The same Florida federal judge who declared President Barack Obama’s healthcare reform law unconstitutional ruled that states must continue implementing it as the case goes through the courts. U.S. District Judge Roger Vinson was responding to a request from administration attorneys who sought to ensure that states obey the law until their challenge to it is resolved.  Two other federal judges have upheld the law; one in Virginia has ruled against it.  The law’s ultimate fate is expected to be decided by the Supreme Court. In all, three federal judges have ruled that Congress possesses the authority under the Commerce Clause of the Constitution to enact the Patient Protection and Affordable Care Act (ACA).  The mandate requires that all Americans acquire healthcare coverage.  Two other federal judges have voted that the healthcare reform law is unconstitutional.

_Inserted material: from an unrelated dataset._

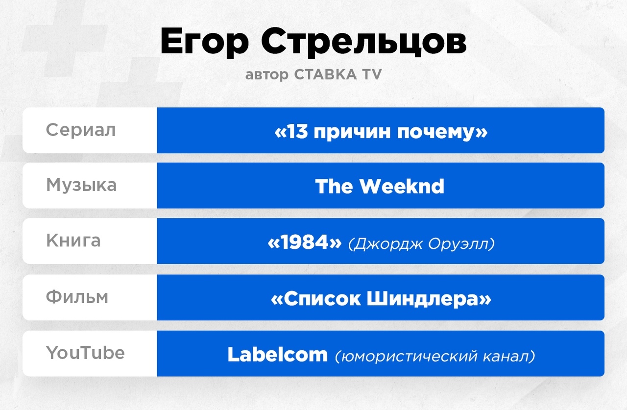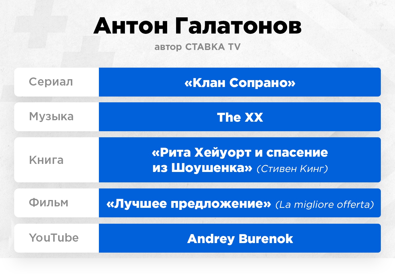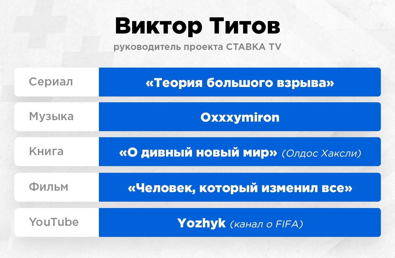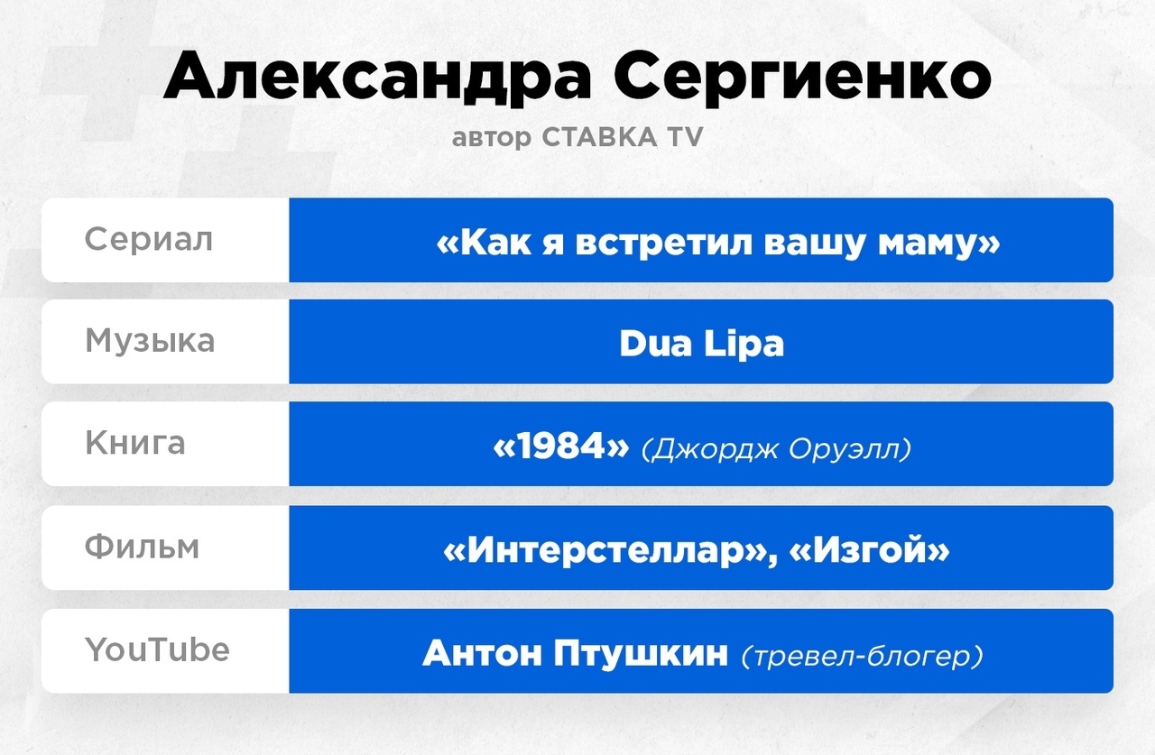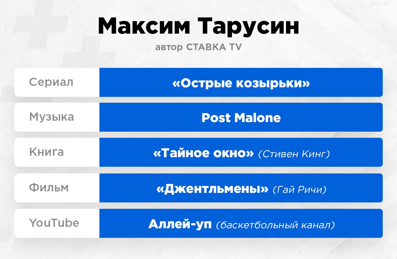 Недавно в нашем Instagram появился пост (организация признана экстремистской и запрещена на территории РФ), в котором эксперты СТАВКА TV рассказали о своих предпочтениях в музыке, сериалах и книгах. Как мы выяснили, Михаил Поленов любит комедии с Джимом Керри, а Роман Гутцайт слушает Робби Уильямса. Наши авторы решили не стоять в стороне и предложили свой список того, что можно посмотреть, послушать и почитать, находясь на самоизоляции. Каждый найдет себе что-то по вкусу и, может быть, вам станет ближе тот или иной автор. Погнали!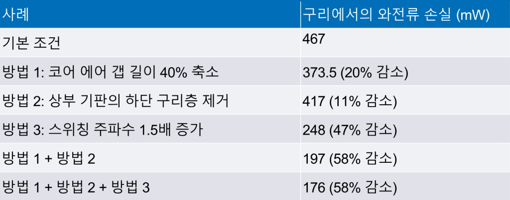 이 방법을 통해 감소되는 와전류 손실은 표 5과 같다. 다만 이러한 방식의 단점은 인덕터의 포화 전류(saturation current)가 낮아질 수 있다는 점이다.

“It would be extremely disruptive and cause significant uncertainty” to halt implementation, Vinson wrote.  He added that if the federal government does not appeal within seven days, the states can consider the law invalid.  The Justice Department welcomed the stay and plans to file an appeal within the required time frame.  David Rivkin, a lawyer representing the 26 states challenging the law, said the decision “gets us exactly what we always wanted, which is an expeditious appellate process.”

“The battle lines have been drawn, the relevant case law marshaled and the legal arguments refined,” Vinson wrote.  “It is very important to everyone in this country that this case move forward.”  In some ways, the ruling was a victory for the Obama administration because it ended confusion over whether states should continue working to implement the law. “We appreciate the court’s recognition of the enormous disruption that would have resulted if implementation of the Affordable Care Act was abruptly halted,” Justice Department spokeswoman Tracy Schmaler said in a statement.  “We strongly disagree with the district court’s underlying ruling in this case and continue to believe — as three federal courts have found — that this law is constitutional.”

“It almost seems to be that he’s (Vinson) telling the 11th Circuit what they’re supposed to do,” said Tim Jost, a professor at Washington & Lee University School of Law.  “I’m not sure they’re going to take very kindly to that.”  The case was brought by 26 states and the National Federation of Independent Business NFIB), which hoped for an injunction clearly barring implementation of the reform law.  “The government’s attempts to stymie the judicial process are simply prolonging the uncertainty surrounding the law and do a disservice to the states, small-business owners and individuals who are seeking resolution,” said Karen Harned, executive director of the NFIB Small Business Legal Center.

In her “Right Turn” column in the Washington Post, blogger Jennifer Rubin writes that “When U.S. District Judge Roger Vinson issued his ruling finding ObamaCare unconstitutional, liberals seemed to develop a reading comprehension problem.  He plainly stated that the law is unconstitutional, but defenders of ObamaCare seemed not to grasp that the judge meant the government was supposed to follow that edict.  Can we imagine the howls that would have gone up had the Bush administration acted with such brazen dishonesty and contempt for a court?”

According to Rubin, “In sum, the administration’s feigned lack of understanding of the court’s earlier ruling, a position egged on by the liberal cheerleaders for ObamaCare, has only served to speed up the next level of review of ObamaCare’s constitutionality.  Moreover, for an administration promising to ‘depoliticize’ the administration of justice and to be faithful defenders of the rule of law, this episode shows the chasm between administration rhetoric and behavior.”